Ее убили с наступлением полуночи.
– Как вы узнали… о ней? – спросил Джим надтреснутым голосом.
– Мы обладаем обширной информацией о твоей жизни. – Колин изогнул бровь. – Но ты меняешь тему. Что ты ответишь, Джим? Ты готов предать забвению все, что она сделала, и все, чем она была – как ты резко выразился – к чертям собачьим?
Колин явно не понравился Джиму.
– Все верно, – прошептал Найджел. – Он и нас бесит.
– Неправда, – воскликнул Бэрти. – Я обожаю Колина. Он прячется за своей грубостью, но на самом деле он потрясающий…
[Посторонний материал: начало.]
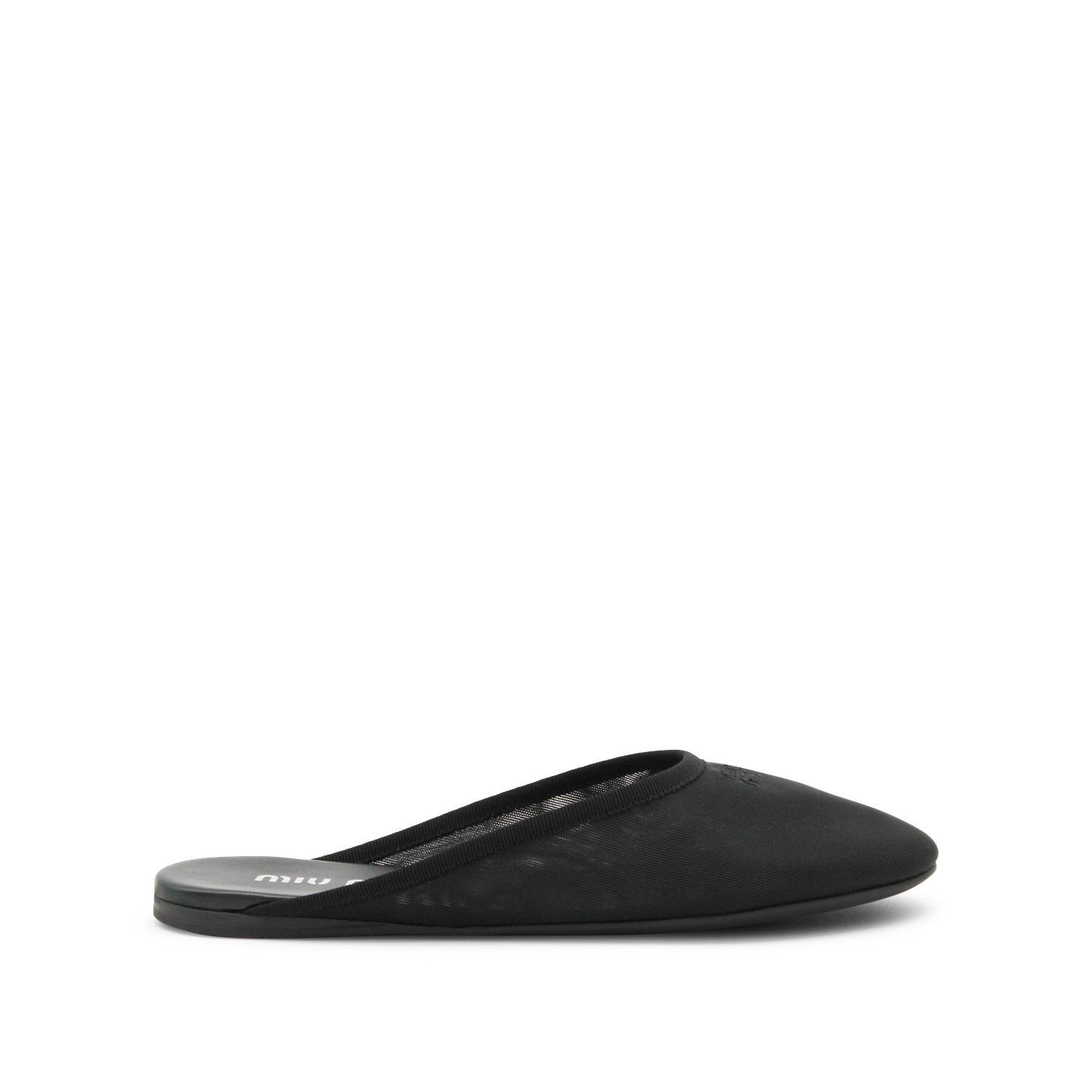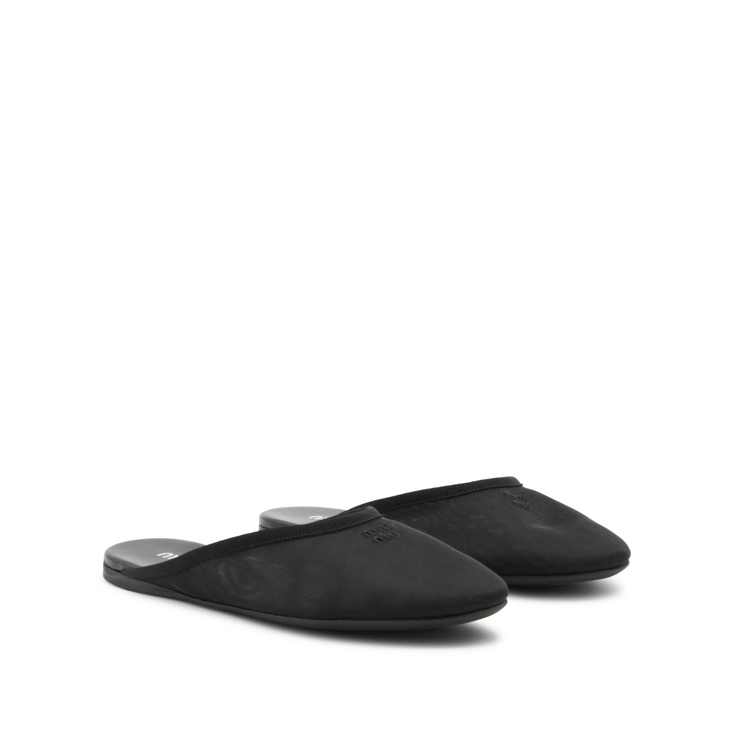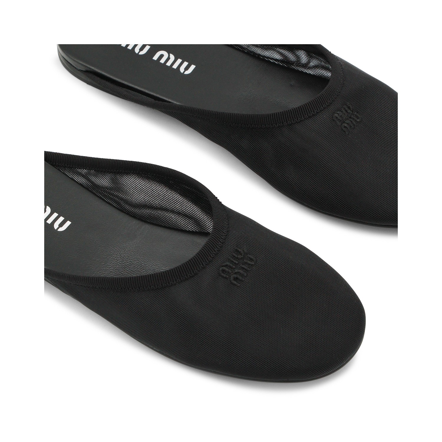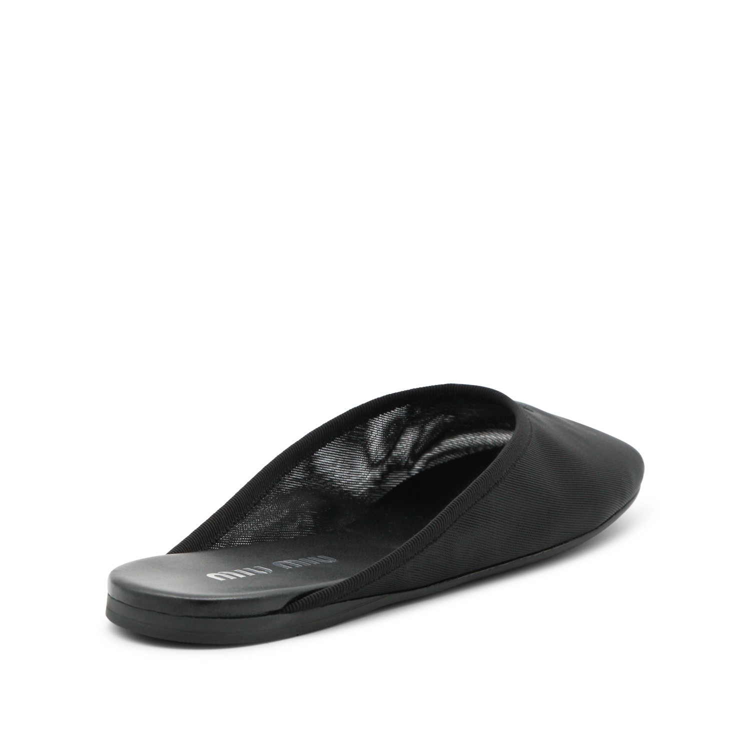Black leather flats from Miu Miu featuring round toe, slip on style and leather sole.

Голос Колина обрубил комплимент.
– Какой же ты гомосек.
– Я – ангел, а не педик. Как и ты. – Бэрти, снова принявшись теребить ухо Таквина, взглянул на Джима. – Я знаю, ты поступишь правильно, потому что ты слишком любил свою мать. Ты помнишь, как она будила тебя в детстве?
Джим с силой закрыл глаза.
– Да.
Его юношеская односпальная кровать находилась в расположенной на сквозняке комнате второго этажа, в их фермерском домике. Большую часть ночей он спал в одежде, потому что слишком уставал, работая на кукурузных полях, чтобы переодеться, или же потому, что было чересчур холодно, чтобы ложиться спать без многочисленных слоев одежды.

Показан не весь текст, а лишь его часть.